Transport emissions are a big concern, growing by 6 per cent in 2022. Although there was an increase in public transport journeys and EV sales, “motor petrol and road diesel sales continue to increase, and large conventional petrol and diesel vehicles continue to take up a large percentage of overall sales”.
The council called for resources and commitment to ensure promised improvements to public transport “are delivered in full and on time”. It said the revised national planning framework “must fully reflect Ireland’s climate ambition given the fundamental link between our land use planning and transport systems and the need for appropriate planning decisions to support sustainable transport modes”.
Emissions from agriculture fell by 1.2 per cent in 2022 and a target of selling fewer than 300,000 tonnes of chemical nitrogen fertilisers annually was achieved, it found, thereby reducing nitrous oxide emissions. In 2023, protected urea fertilisers, which have significantly reduced emissions, represented less than 22 per cent of straight nitrogen fertiliser sold against a target of up to 90 per cent by 2025.
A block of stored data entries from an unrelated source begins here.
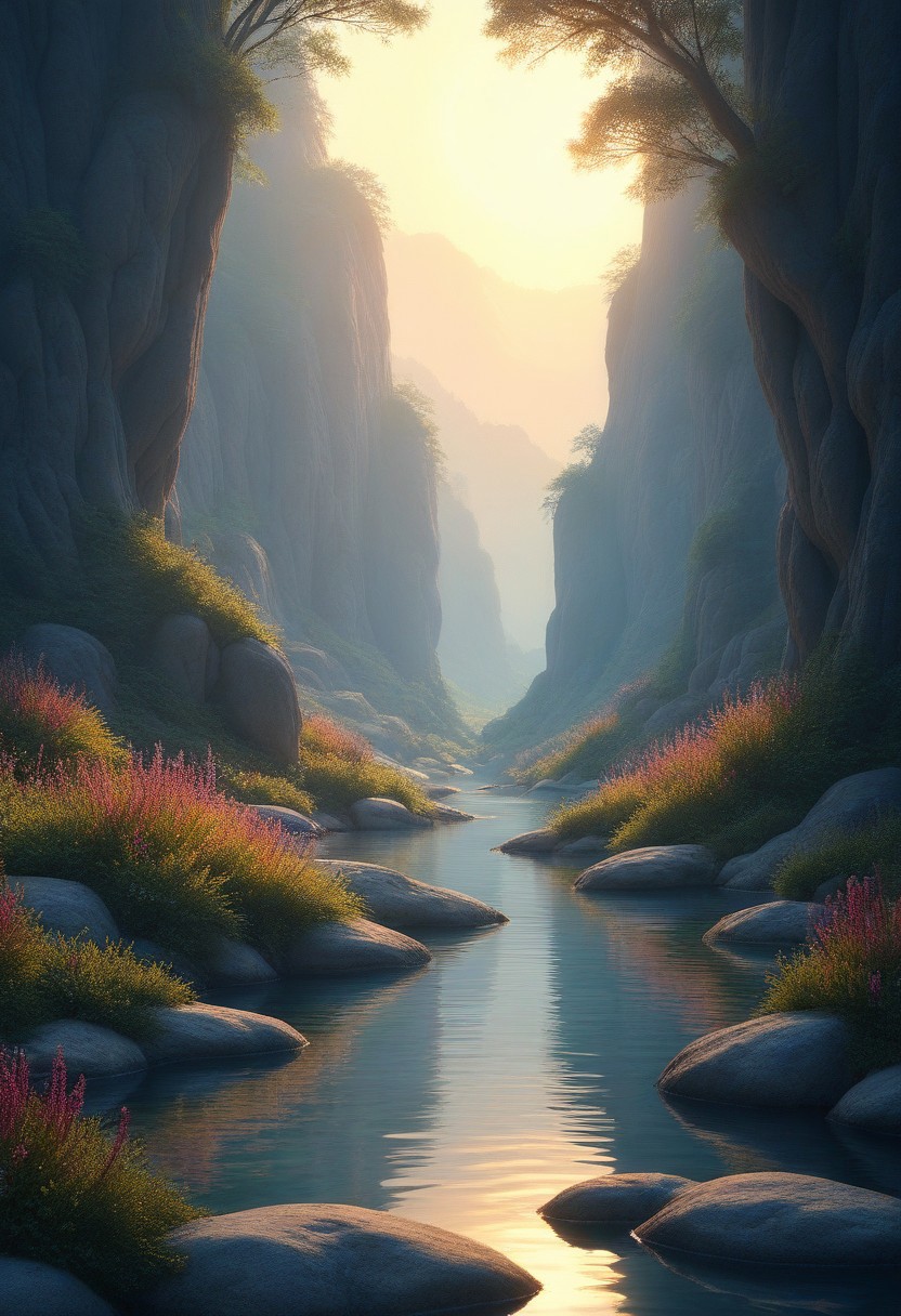 A serene fantasy landscape with intricate detail, soft lighting casting a warm glow over rolling hills and dense forests. The mood is peaceful yet magical, from a low-perspective angle that emphasizes vastness and wonder. The setting includes crystal-clear streams and vibrant wildflowers. Textures like smooth stone, detailed plant life, and reflective water surfaces add depth. Genres blend seamlessly into the scene's natural beauty. This prompt ensures a balance of detail and creativity to bring the image to life.
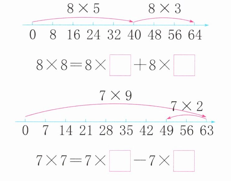 解析:由题意可知,红红左边有3人,右边有2人,且每行人数相等,所以每行有 $3 + 1 + 2 = 6$(人)。一共有8行,求一共有多少人做室内操,用乘法计算,列式为 $6×8 = 48$(人)。
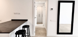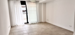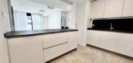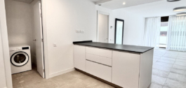 De open woonkamer met een moderne keuken komt uit op een ruim privéterras – perfect om te genieten van de mediterrane levensstijl.
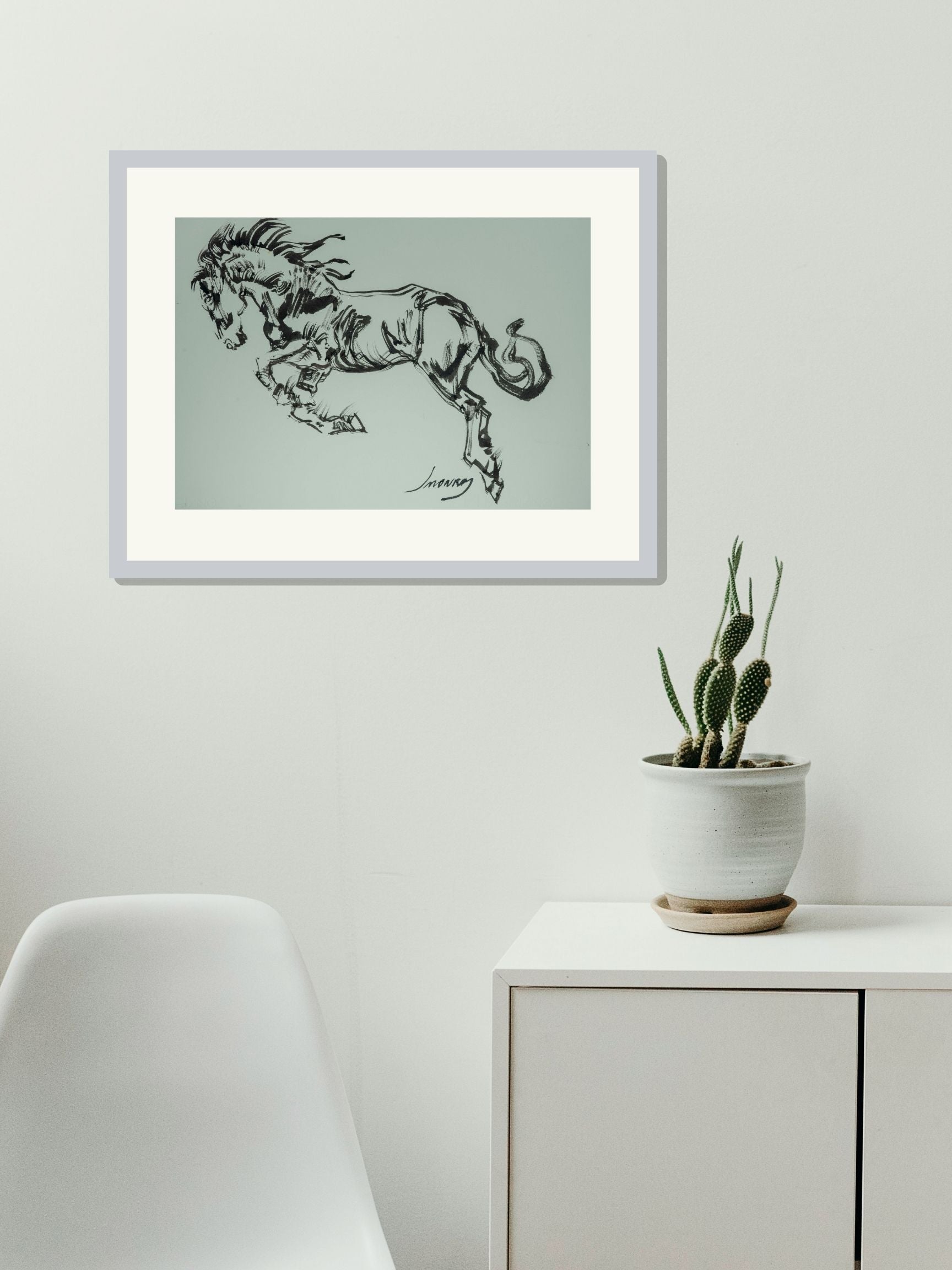 Esta obra única de Jorge Monroy titulada "Caballo VII" ha sido creada utilizando la técnica de Tinta sobre papel. Sus dimensiones son 35x50 cm.
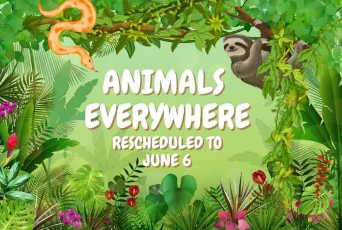Due to the anticipated rainfall and chance of thunderstorms on April 11, Animals Everywhere will be rescheduled to Saturday, June 6, held 10 AM - 1 PM. This new date will offer families the chance to enjoy Animals Everywhere, complete with sunny skies!
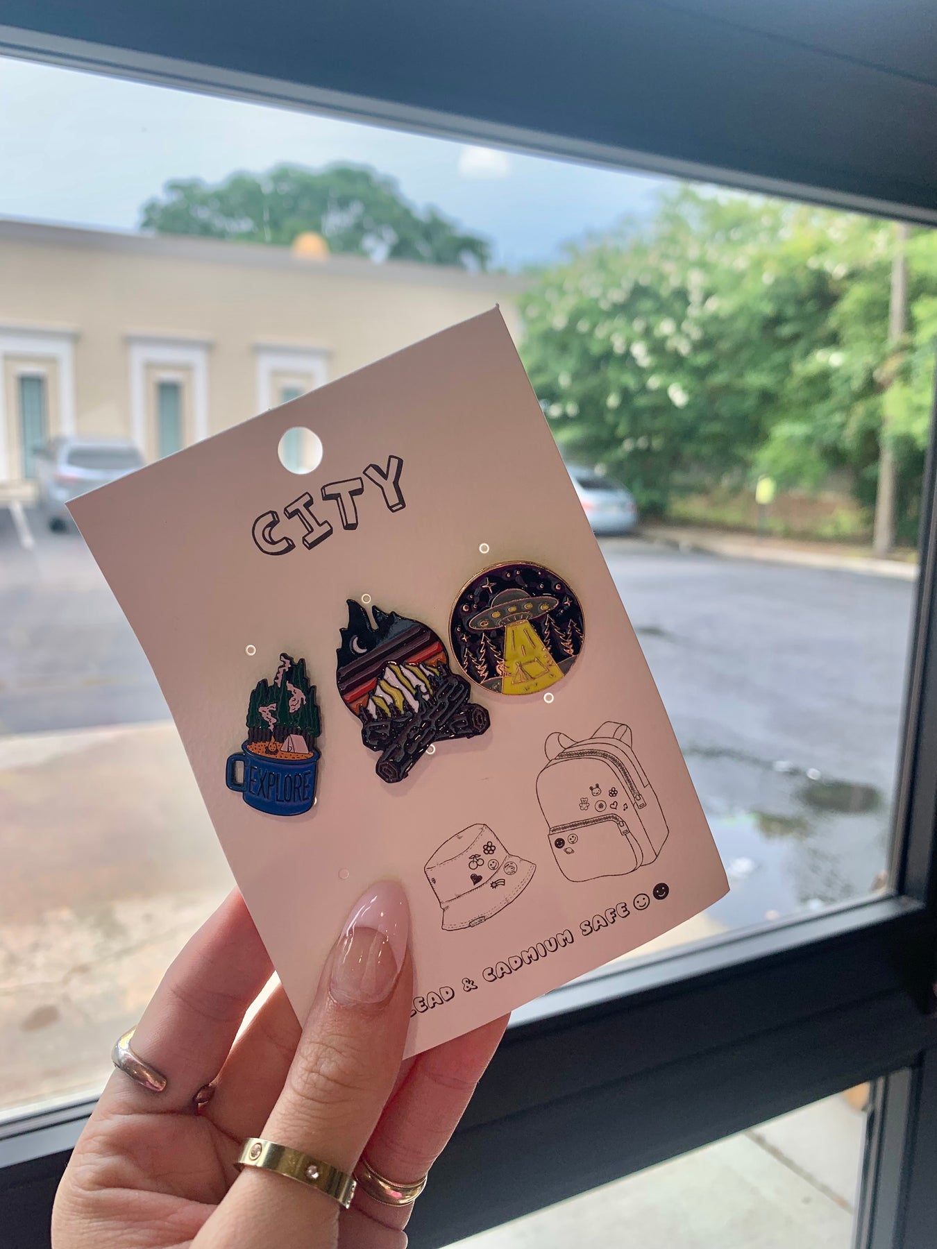 Make a great addition to your traveling gear with the Camping Pins Set! This set features 3 pins that can be added to your backpack or hat, and a rubber back covering.

Current levels of methane emissions, however, “continue at an elevated level, therefore jeopardising the sectoral ceiling”.
Emissions from electricity decreased by 2 per cent in 2022 and are likely to have fallen further last year due to record low-carbon intensity in electricity generation and high levels of imports. Renewables accounted for 43 per cent of electricity last year – against a 2025 target of 50 per cent.
“Reducing and ultimately eliminating our reliance on expensive, imported fossil fuels will reduce prices to consumers and enhance our security of supply, which is also good for our national climate objectives. However, delays in planning and rollout of onshore wind and solar farms while strengthening the grid are very real challenges ... comprehensive preparations are necessary for the achievement of the offshore wind targets later this decade,” the CCAC said.
Built environment emissions fell in 2022 by 11 per cent. Although rates of retrofitting of buildings are rising, heating systems are being decarbonised at too slow a rate, it said. The Government should actively communicate the financial and technical opportunities for heat pumps and solar PV and urgently roll out district heating schemes, it said.
Emissions from industry decreased by 7 per cent in 2022. “It is vitally important that our manufacturing sector continues to demonstrate progress in decoupling emissions growth from economic growth,” it said. The level of emissions from cement manufacturing (4.7 per cent of national emissions) “is a concern”, the council said.
Recent analysis by An Taisce also points to the impact of overshoot on the second and third carbon budgets running up to 2035, if there is a failure to meet the first carbon budget.
Their analysis suggests the carbon budget overshoot of the 2026-30 budget is so significant it will be much more difficult for the next Government to stay within the legal requirement “without highly effective emergency course-correction measures in the 2024 climate action plan to limit the overshoot”.